I want to ask whether there is any more efficient algorithm better than $O \left(n^2\right)$? Even if there are duplicated values among $\{x_i\}$? If it helps, we can assume that the polynomial is over some prime finite field, i.e., $x_i \in \mathbf{F}_q$.


2 Answers 2


This can be done in $O(n \log^2 n)$ time, even if the $x_i$ have duplicates, via the following divide-and-conquer method.
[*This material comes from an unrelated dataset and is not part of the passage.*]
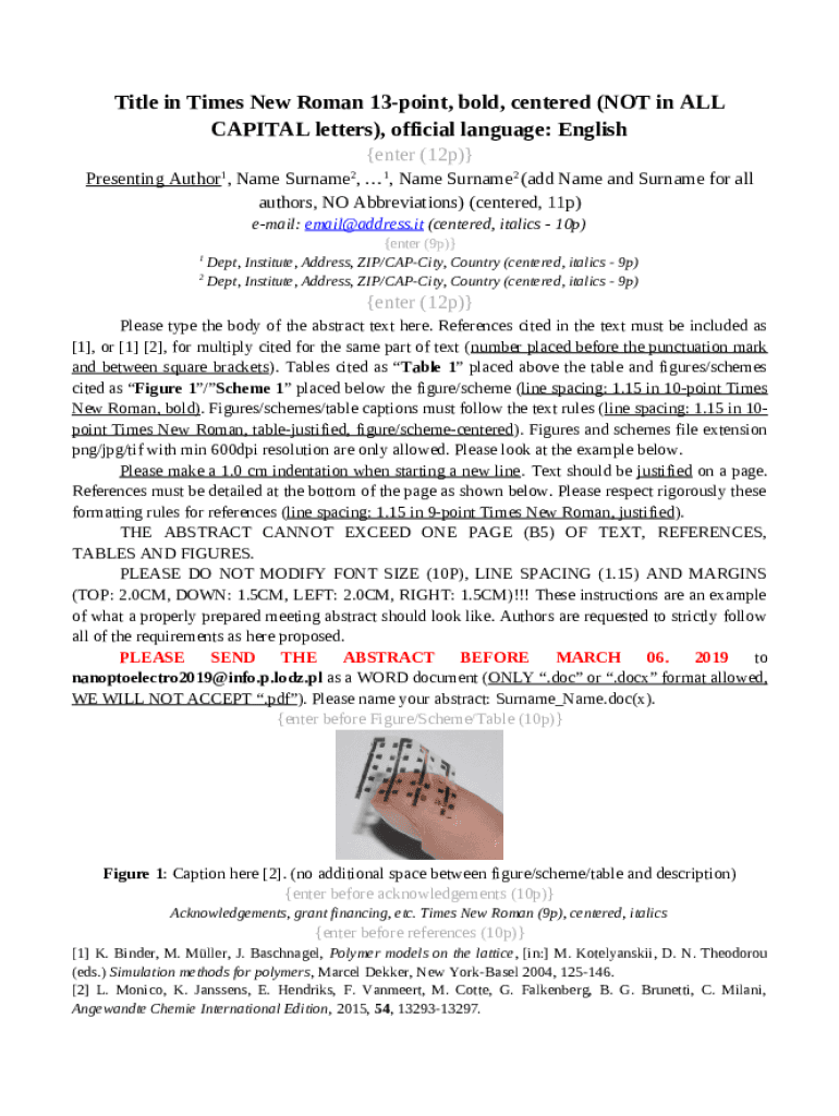 The TITLE OF PAPER (Times New Roman 12 pt bold, CAPITAL ... is a document you can get completed and signed for specified purpose. In that case, it is furnished to the exact addressee to provide certain details of any kinds. The completion and signing can be done manually in hard copy or with an appropriate application like PDFfiller. Such tools help to send in any PDF or Word file without printing them out. While doing that, you can customize its appearance according to your needs and put a legal digital signature. Once you're good, the user ought to send the TITLE OF PAPER (Times New Roman 12 pt bold, CAPITAL ... to the recipient or several recipients by email and even fax. PDFfiller offers a feature and options that make your template printable. It has a number of options when printing out appearance. It doesn't matter how you will send a document - in hard copy or electronically - it will always look well-designed and organized. To not to create a new file from the beginning all the time, turn the original file as a template. Later, you will have an editable sample.
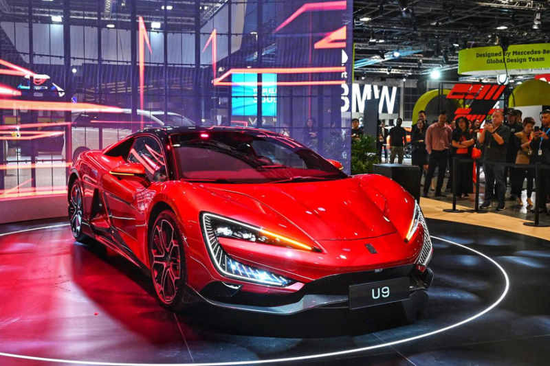 在剛剛結(jié)束的2025新加坡車展上,比亞迪還花了100多萬美元來搭建展臺,為的就是要在最豪華的展臺上,展示其豪華電動超跑仰望U9,而仰望U9的“絕招”就是原地?fù)u擺。

First compute the coefficients of the polynomial $f_0(x)=(x-x_1) \cdots (x-x_{n/2})$ (via a recursive call to this algorithm). Then compute the coefficients of the polynomial $f_1(x)=(x-x_{n/2+1})\cdots(x-x_n)$. Next, compute the coefficients of $f(x)=f_0(x)f_1(x)$ using FFT-based polynomial multiplication.

This yields an algorithm whose running time satisfies the recurrence

$$T(n) = 2 T(n/2) + O(n \log n).$$

The solution to this recurrence is $T(n) = O(n \log^2 n)$. This all works even if there are duplicates in the $x_i$.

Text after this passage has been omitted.